It’s the first Friday of 2025 and my first weeknote of the year. This year I’ve decided to give weeknoting a serious go, to share what I’m working on, what’s going on in my life and share stuff I’ve stumbled upon.
This week at work
I’m going to try a new thing with this weeknote; sharing a rough Kanban board from my week.
It’s been a very short week – I’ve only been in on Thursday and Friday, following a mostly restful Christmas break. Most of the team aren’t back to work until Monday, so it’s been a mercifully quiet couple of days but I haven’t had much time to do anything significant.
Never ending emails
Somehow, I’ve returned to no fewer than 80 unread emails. How does that even happen over Christmas?! Anyway, I’ve cleared the backlog… mostly.
Freedom of Information
Some of those emails related to Freedom of Information Act requests. I am all for being transparent about what government is up to – I passionately believe in open-policy making, after all – but FOIs are just so irritating.
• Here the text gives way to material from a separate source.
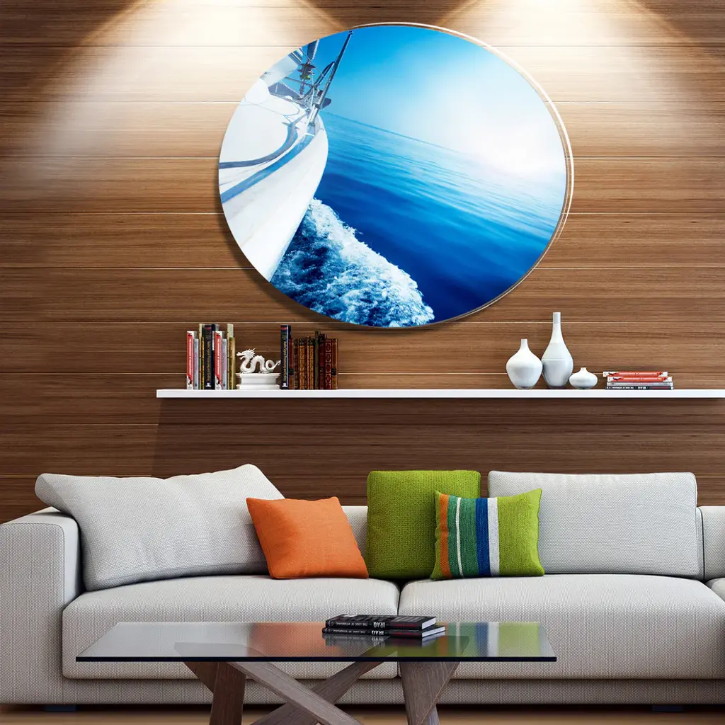 Luxury Yacht Sailing In Blue Sea, Seashore Round Metal Wall Art, 38"

It’s not the requests themselves that are the problem; it’s that they prompt the wrong behaviours. In each of the 3 FOIs I’ve been dealing with this week, the requestors would likely have gotten a better, clearer answer if they’d just written a letter to us asking what we’re doing. But they didn’t do that; they made an FOI request, which prompts a merry-go-round of process that is mostly pointless and benefits no one.
One of the FOIs has been dispatched with; two more to resolve next week.
Blogging
I’ve published a new blog post on the “Enabling digital identity” blog. This one attempts to explain, in straightforward terms, how we’re using certification to build trust.
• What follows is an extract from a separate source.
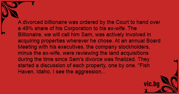 A divorced billionaire was ordered by the Court to hand over a 49% share of his Corporation to his ex-wife. The Billionaire, we will call him Sam, was actively involved in acquiring properties wherever he chose. At an annual Board Meeting with his executives, the company stockholders, minus the ex-wife, were reviewing the land acquisitions during the time since Sam's divorce was finalized. They started a discussion of each property, one by one. "Fish Haven, Idaho, I see the aggression expression on that purchase", the one executive commented. Sam gave his nod of admission of its truth. The next company man made his statement, "Dog Walk, Kentucky", "Again we have an aggression expression, don't we Sam?" Sam concurred with that fact again. "Horse heads, New York," and the company man said,

I’ve also been working on 2 other blog posts, due for publication soon, that explain some other elements of the programme. I need to wait for some other people to feedback and contribute on those before they’re ready though! You can subscribe to the blog to be notified by email when we post them.
Bill stuff
Next week, we’ll be briefing some members of the House of Lords on our legislation and how our policy works. So I’ve been doing a little prep work ahead of that during this week.
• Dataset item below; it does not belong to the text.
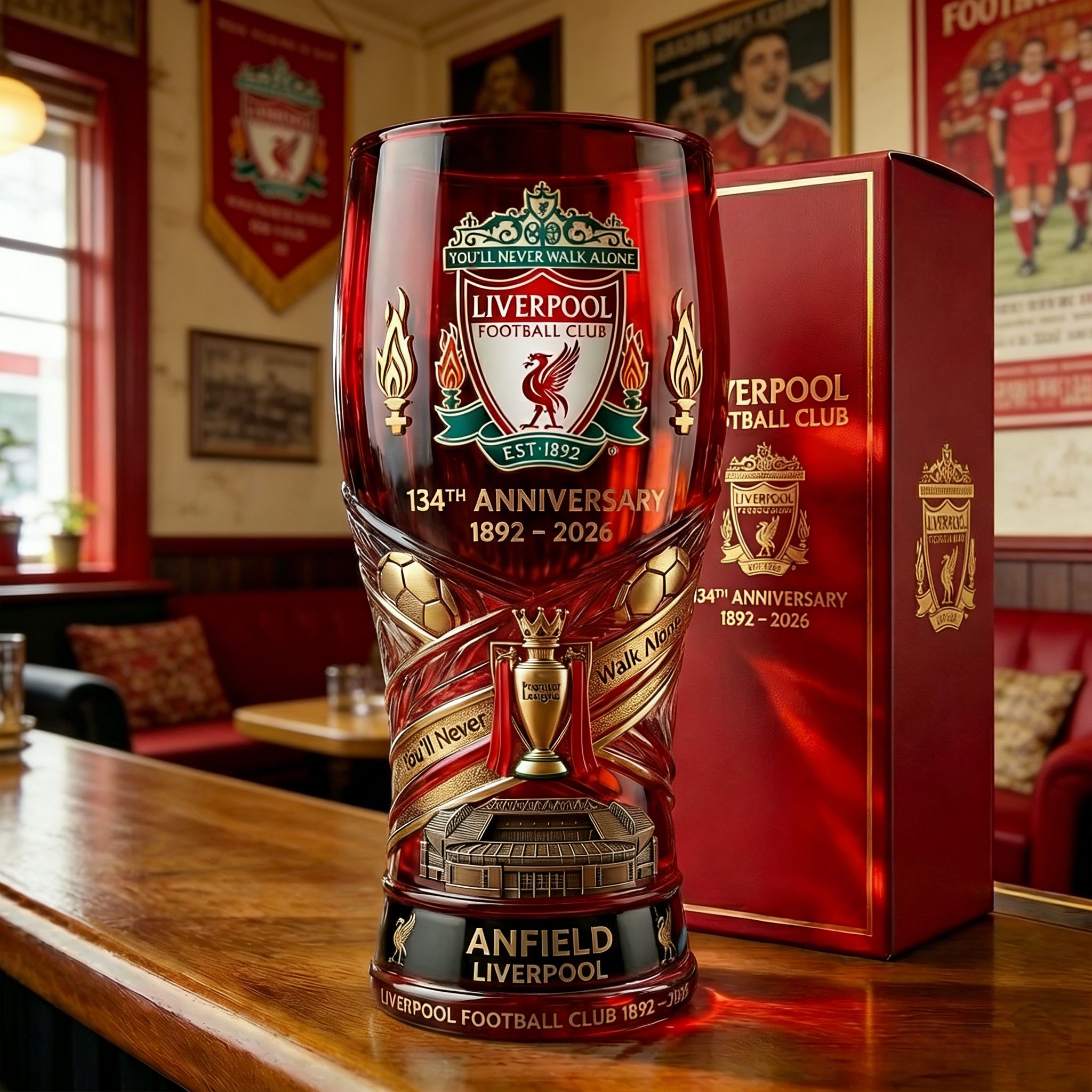⚽🍺Halten Sie ein generationenübergreifendes Vermächtnis fest mit diesem Gedenk-Pintglas in Sonderedition, das zu Ehren des 134-jährigen Jubiläums des Liverpool Football Club (1892–2026) geschaffen wurde.. Vom ohrenbetäubenden Lärm in Anfield bis hin zu Nächten, die Fußballgeschichte prägten, fängt es den Geist eines Vereins ein, der auf Glauben, Einigkeit und unvergänglichem Stolz gründet.

I like doing this kind of Parliament-facing work; it’s important that parliamentarians get to engage in the detail with the people doing the work, so that our wider democratic processes work.
Next week
Aside from the briefing, next week I hope to turn my attention to Spending Review preparations and that means updating our business case. I also have a meeting with UKAS to discuss our latest certification scheme iteration and their feedback prior to it being formally recognised; which is likely to generate a little bit of work of its own!
Outside of work
Goals
I’ve set myself some new goals for 2025 this week and written up a blog post about it. Fingers crossed I can stick to these slightly less ambitious goals; day 3 and I’m still on track so far!
Gaming
Continuing my latest fad I mean, hobby, I’ve taken delivery of some new Game Boy flash cartridges this week, which will allow me to create backups of aging Game Paks which have seen better days. One of them is a dud – so that’s going to have to go back – but the rest seem to work brilliantly.
I’ve kicked off a replay of the Plucky Squire on PlayStation this week. I really enjoyed playing this through last year, and I’m going back through it to pick up the Platinum trophy.
Website updates
I’ve been tinkering with my website again over Christmas and New Year; adding some new designs for my games pages. I’ll write more about that separately.
Star Trek
I’ve started a rewatch of Star Trek: Voyager for about the millionth time. No matter how great the new Trek shows get, I can’t stop myself from going back to Voyager, Deep Space 9 and The Next Generation for some comfort TV.
Found interesting
Having read Russell’s book – Doing interesting – last year, I’ve started to collect stuff that I found interesting in an app on my phone (Reeder, if you’re interested). Borrowing some inspiration from Neil’s weeknotes, I’m going to share some of it here.
- The National Archives has released Cabinet committee papers about New Labour’s identity cards legislation. Given my job at the moment, this is probably more interesting to me than it is to anyone else!
- Speaking earlier of Spending Reviews, I found this blog post by Peter Thomas an interesting read.
- I stumbled upon “Lynn and Tonic” – the personal website of Lynn Fisher. Just awesome.